Em um governo de “superministros”, quem tem mais poderes é uma espécie de sombra do presidente eleito. O general Augusto Heleno Ribeiro Pereira, de 71 anos, foi um dos principais incentivadores da candidatura Jair Bolsonaro (PSL). Primeiro tentou que o seu partido, o PRP, aceitasse lançá-lo como vice. Não conseguiu. Desligou-se das atividades partidárias e passou a coordenar uma equipe de técnicos responsável por elaborar o programa de Governo. Paralelamente, organizava carreatas em Brasília em apoio ao então candidato e discutia estratégias de segurança com policiais federais depois que ele levou uma facada, em setembro.
Com a vitória nas urnas, deixou de ser um simples conselheiro. Primeiro, foi alçado a futuro ministro da Defesa. Todavia, como o presidente o queria mais próximo, aceitou uma espécie de promoção para o Gabinete de Segurança Institucional (GSI) – órgão responsável por fomentar toda atividade de inteligência do Governo federal. Desde então, sempre que Bolsonaro vai tomar uma decisão importante, um dos primeiros a ser consultado é Heleno. Opina sobre tudo, desde que seja perguntado. É o principal estrategista do Governo.

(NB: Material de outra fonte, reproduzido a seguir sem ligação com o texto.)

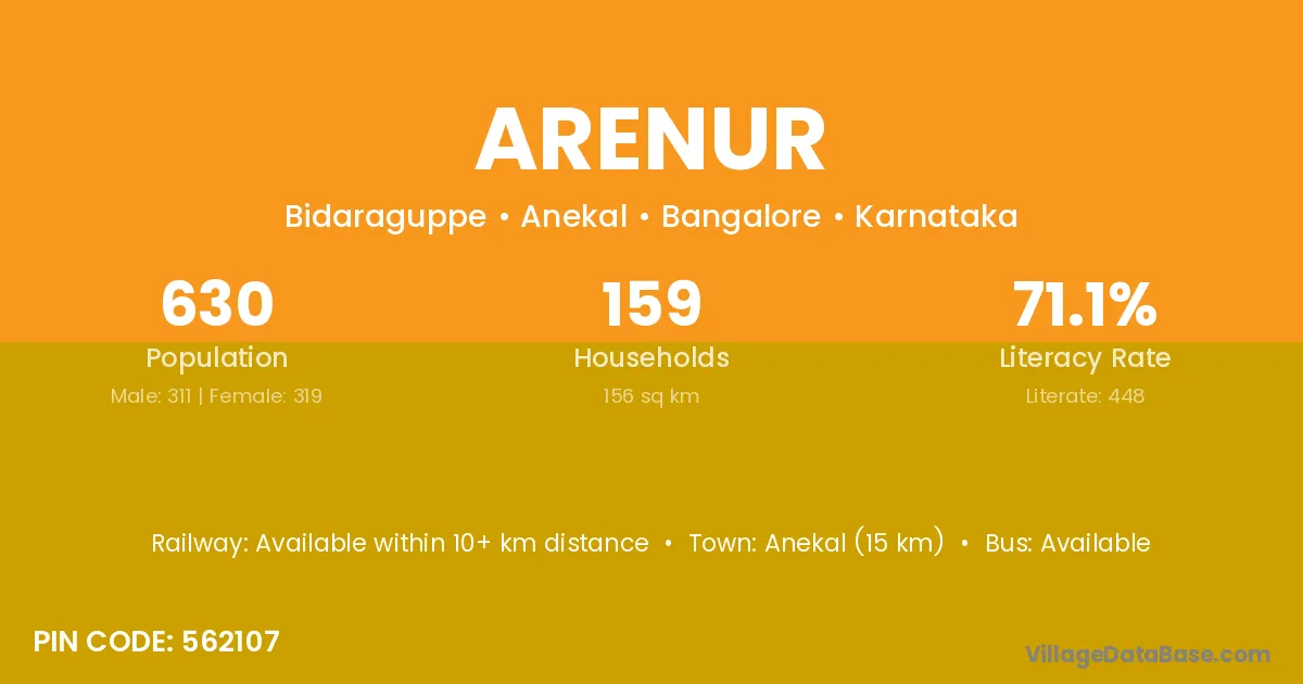 Anekal (15 km) is the nearest town to Arenur village for major economic activities and is located approximately 15 km away.

“O presidente toma doses cavalares de Heleno, todos os dias. Nada de doses homeopáticas. Ele quer absorver tudo o que pode do general”, disse um membro da equipe de transição. Não por menos, o general é visto antes das 8h no apartamento funcional do presidente eleito, ou o acompanhando nos mais diversos encontros, seja ele uma reunião com embaixadores, um evento com governadores eleitos ou uma audiência formal com atual presidente, Michel Temer (MDB).
E sobre o que tanto fala com o presidente eleito? “São conversas sigilosas, profissionais, entre pessoas que se confiam. São trocas de ideias constantes”, afirma ele ao EL PAÍS.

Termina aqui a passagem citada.